Consider the random walk with drift model \begin{align} x_{t} = \delta + x_{t-1} + w_{t} \end{align} for $t = 1,2,\ldots$ with $x_{0} = 0$ and $w_{t}$ is white noise with variance $\sigma_{w}^{2}$.
Show that the model can be written as $x_{t} = \delta t + \sum_{k=1}^{t}\sigma_{w}^{k}$.
Find the mean and autocovariance of $x_{t}$. Comment on the stationarity.

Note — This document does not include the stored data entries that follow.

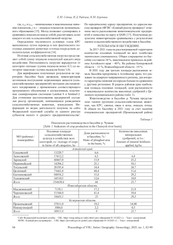 В 2021 году две третьих площади распаханных земель бассейна приурочены к Алтайскому краю, что указывает на аграрную направленность региона, для которого характерны значения на порядок больше по сравнению с другими регионами. В разрезе районов края наибольшая площадь посевных площадей, доля распаханности и максимальное количество внесенных удобрений у Целинного муниципального района (табл. 1).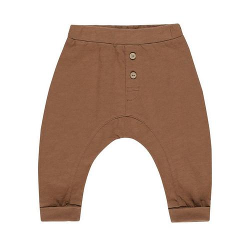 Super-soft slub knit pants with coconut button detail at center front. Featuring rolled leg cuffs, an elastic waistband, and a dropped crotch.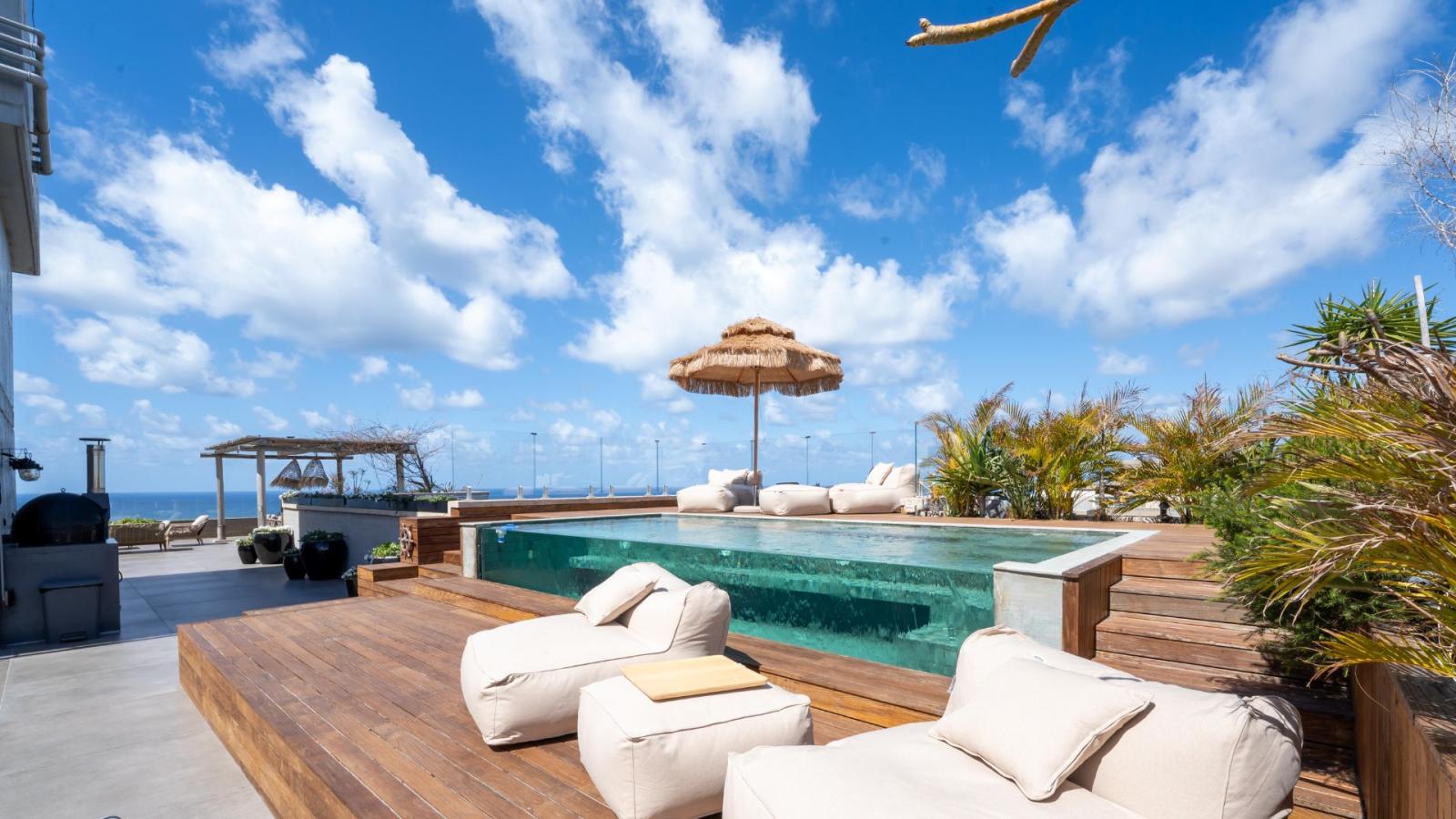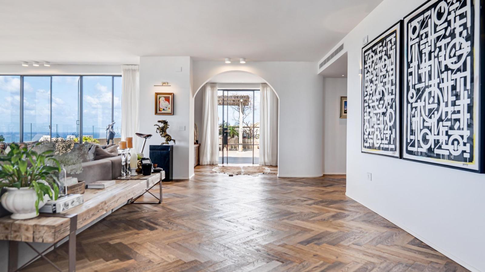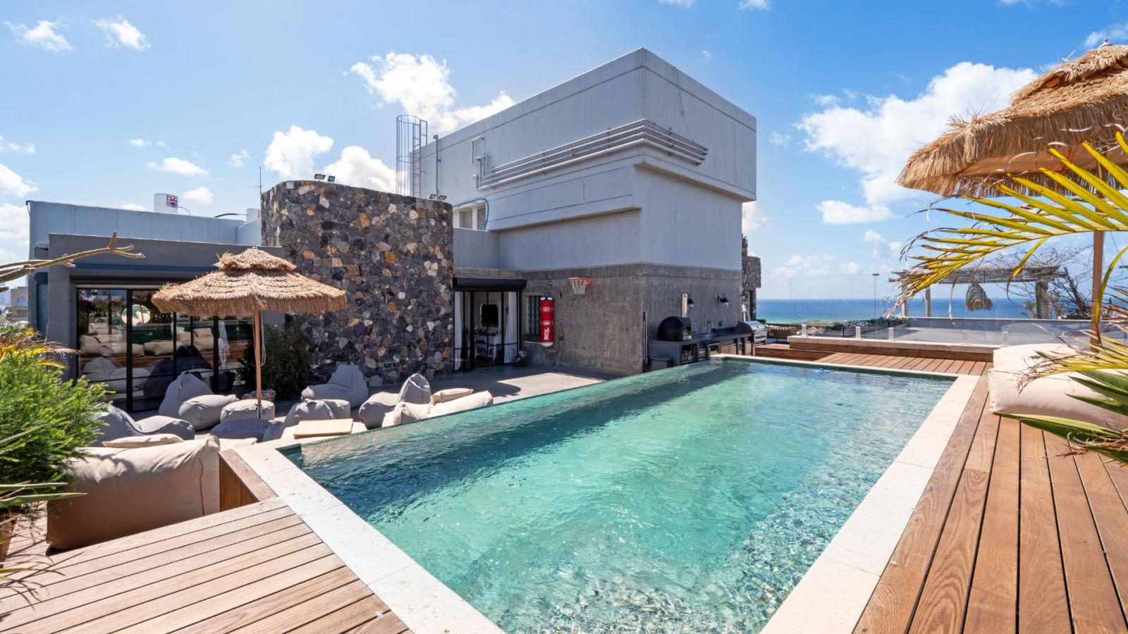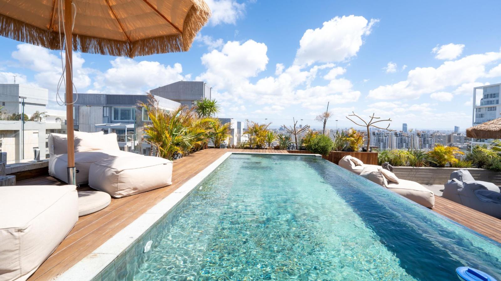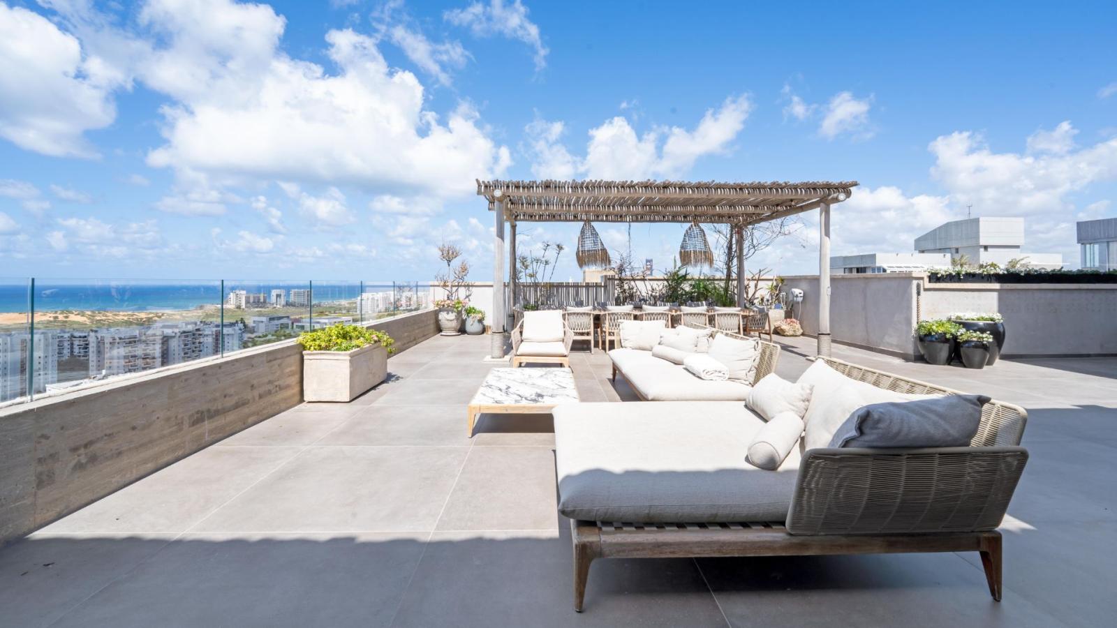 In the prestigious Ramat Aviv neighborhood, an exceptional and exclusive penthouse is offered for sale – the sole residence on its floor, featuring a private entrance. Spanning 290 sqm of intelligently designed interior space, the penthouse includes five bedrooms, two of which are luxurious master suites, and an expansive 300 sqm terrace with a private swimming pool and breathtaking open views of the sea. This rare property enjoys four exposures, three private parking spaces, and a premium technical specification: a fully equipped kitchen with state-of-the-art appliances, an outdoor kitchen with a wood-fired oven, refrigerator, barbecue, and more. It also boasts advanced air conditioning and sound systems, as well as a smart home system operated via smartphone. The penthouse is offered fully furnished with high-end designer pieces from leading brands, finished to the highest standard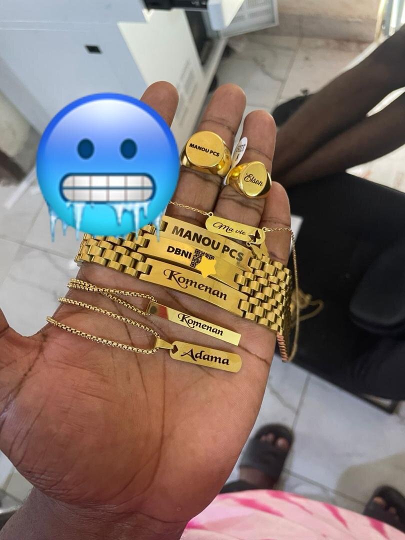 Bracelets en plaqué or personnalisés avec noms ou messages. Conçus en différents styles et matériaux de qualité. Idéal pour un cadeau unique ou un accessoire personnel.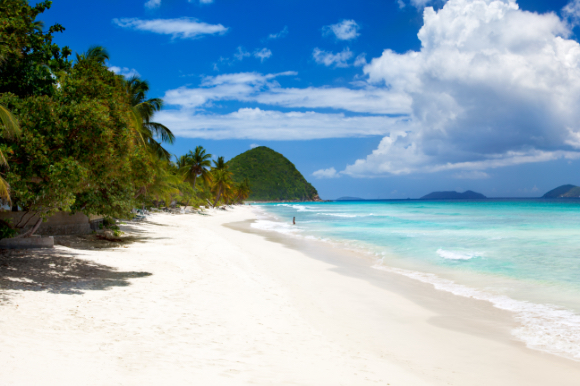 Tropical beach with clear blue water, trees, and white sand.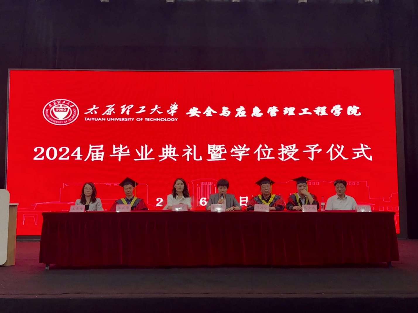 6月12日,bat365官方网站2024年毕业典礼暨学位授予仪式在明向校区轻纺工程学院表演厅隆重举行。bat365官方网站党委书记李平、院长邓存宝,安全工程技术与装备研究院院长张兴华,bat365官方网站党委副书记侯彩霞、副院长葛少成、副院长王雪峰出席本次典礼。部分教师代表、全体辅导员、研究生班主任和毕业生家长代表现场观礼。仪式由李平主持。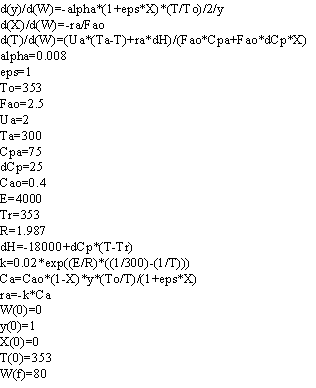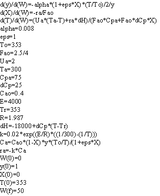 5.) For Problem 5, use W = 80 kg, rather than the catalyst weight given in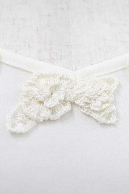 INGEBORG / フリル襟&モチーフ付半袖トップス M アイボリー I-26-01-10-029-LO-TO-SA-ZI
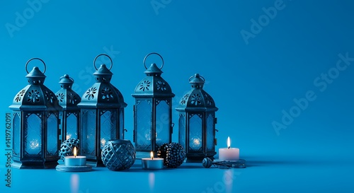 Lanterns and candles casting a soft glow against a solid blue backdrop in a studio setting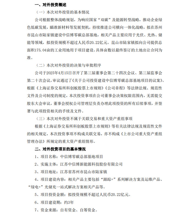 为响应国家“双碳”及能源转型战略,推动企业绿色低碳发展,瞄准新材料等发展契机,持续推进公司横向一体化战略,中信博拟在苏州市昆山市陆家镇建设中信博零碳总部基地,相关产品主要应用于光伏、光热、储能等领域,相关产品主要包括“跟踪+”系列解决方案及运维产品、“绿电+”光储充一站式解决方案相关产品等,拟投资规模不超过人民币20.22亿元,建设期约3年。昆山市陆家镇拟向公司提供总面积175.04亩的工业用地用于项目建设,具体亩数以最终签订的土地出让合同为准。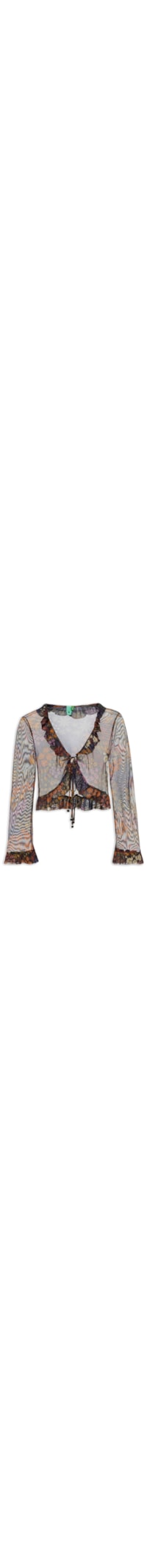 A blusa preta é confeccionada em tule de média elasticidade. A peça solta ao corpo, possui decote em V, mangas longas, babado aplicado nos punhos, gola e barra, estampa floral em cores contrastantes, transparência, comprimento cropped* e fechamento frontal por cordão com ponteira de miçanga para amarração.
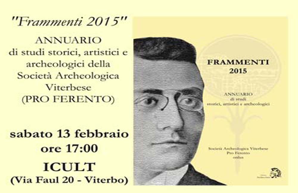 la casa editrice Edizioni Archeoares e l’associazione Pro Ferento presenteranno la nuova pubblicazione dell’annuario “Frammenti 2015”, riferito agli studi storici, artistici e archeologici della Società Archeologica Viterbese Pro Ferento.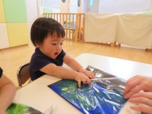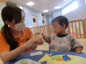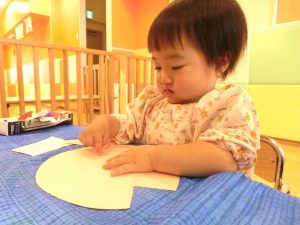 のりの感触を不思議そうにされたり、「ちょっとのりを使ってみよう」とお友だちや保育士とじっくりと楽しまれたりされていました。
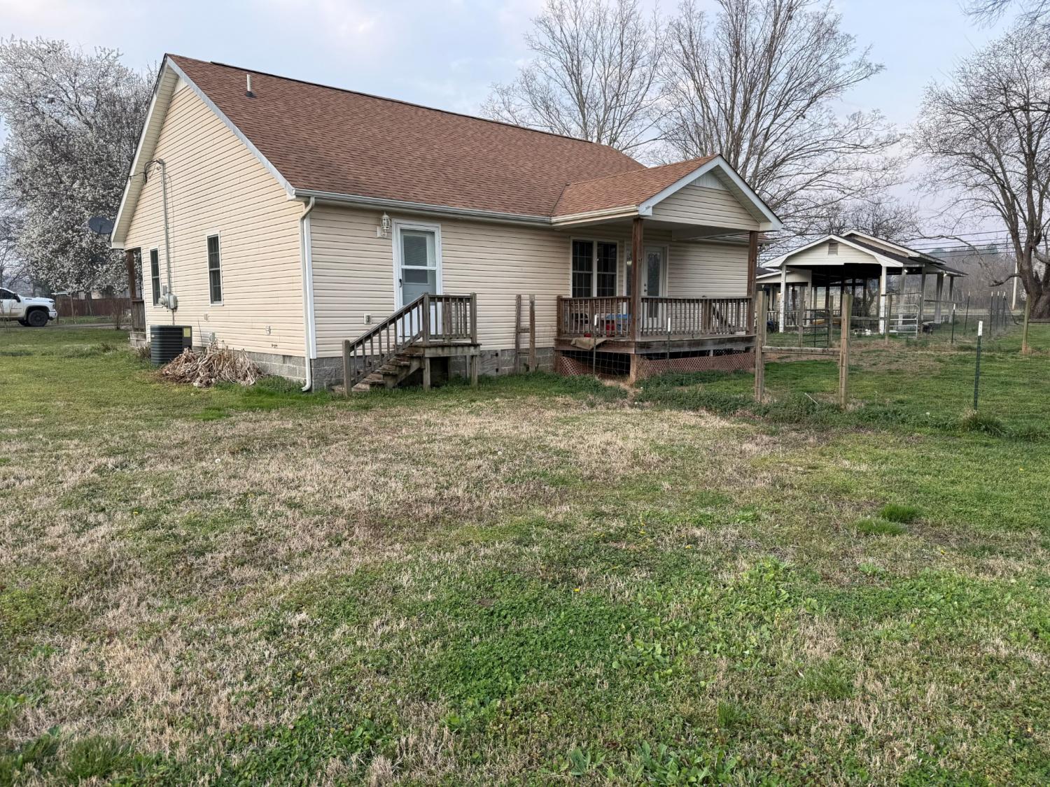 Charming, single-owner 1462 sf 3BR/2BA home with vinyl siding located in Elkton, fronts two roads and sets on .9 acres. The spacious living room features LVP flooring and recessed lighting, while the eat-in kitchen has laminate flooring and wood cabinetry. All kitchen appliances are included! Each of the 3 bedrooms is fitted with laminate flooring and ceiling fans. The primary bedroom boasts recessed lighting and full bathroom that includes a jacuzzi and tiled shower, along with double vanities. Additionally, the property includes a powered storage building/shop. The house is equipped with an HVAC split unit and metal ductwork. The yard has trees and the covered porches offer shade for outdoor enjoyment and a patio with firepit for chilly evenings spent by the fire.

Show $\rho_{x}(t-1,t) = \sqrt{(t-1)/t}$ which converges as $t\rightarrow \infty$.
Suggest a transformation to make the series stationary and prove stationarity of the new series.
Consider a periodic time series expressed as \begin{align} x_{t} = U_{1}sin(2\pi \omega_{0}t) + U_{2}cos(2\pi \omega_{0}t) \end{align} where $U_{1}$ and $U_{2}$ are independent random variables with $0$ mean and variances $\sigma^{2}$ each. Compute the mean and autocovariance function of $x_{t}$.
Note that $E[w_{t}] = 0$, $E[w_{t}^{2}] = \sigma_{w}^{2}$ and $E[w_{s}w_{t}] = 0$ for all $s \neq t$
We use the recursive definition of the series \begin{align} x_{t} = \delta + \bigg( \delta + x_{t-2} + w_{t-1} \bigg) + w_{t} \end{align} Continuing the expansion will yield \begin{align} x_{t} = \delta t + x_{0} + \sum_{k=1}^{t}w_{k} = \delta t + \sum_{k=1}^{t}w_{k} \end{align}
\begin{align} E[x_{t}] &= E[\delta t] + \sum_{k=1}^{t} E[w_{k}] = \delta t\newline E[x_{t}^{2}] &= E[(\delta t + \sum_{k=1}^{t}w_{k})^{2}]\newline &= \delta^{2}t^{2} + t\sigma_{w}^{2}\newline E[x_{t+h}x_{t}] &= E[(\delta (t+h) + \sum_{k=1}^{t+h}w_{k})(\delta t+ \sum_{k=1}^{t+h}w_{k})]\newline &= \delta^{2}t(t+h) + \min(t,t+h)\sigma_{w}^{2}\newline \gamma(t+h,t) &= E[x_{t+h}x_{t}] - \mu_{t+h}\mu_{t}\newline &= \min(t,t+h)\sigma_{w}^{2} = \sigma_{w}^{2}(t + \min(0,h))\newline \gamma(t,t) &= t\sigma_{w}^{2} \end{align} making both mean and auto covariance functions of time. This implies non stationarity.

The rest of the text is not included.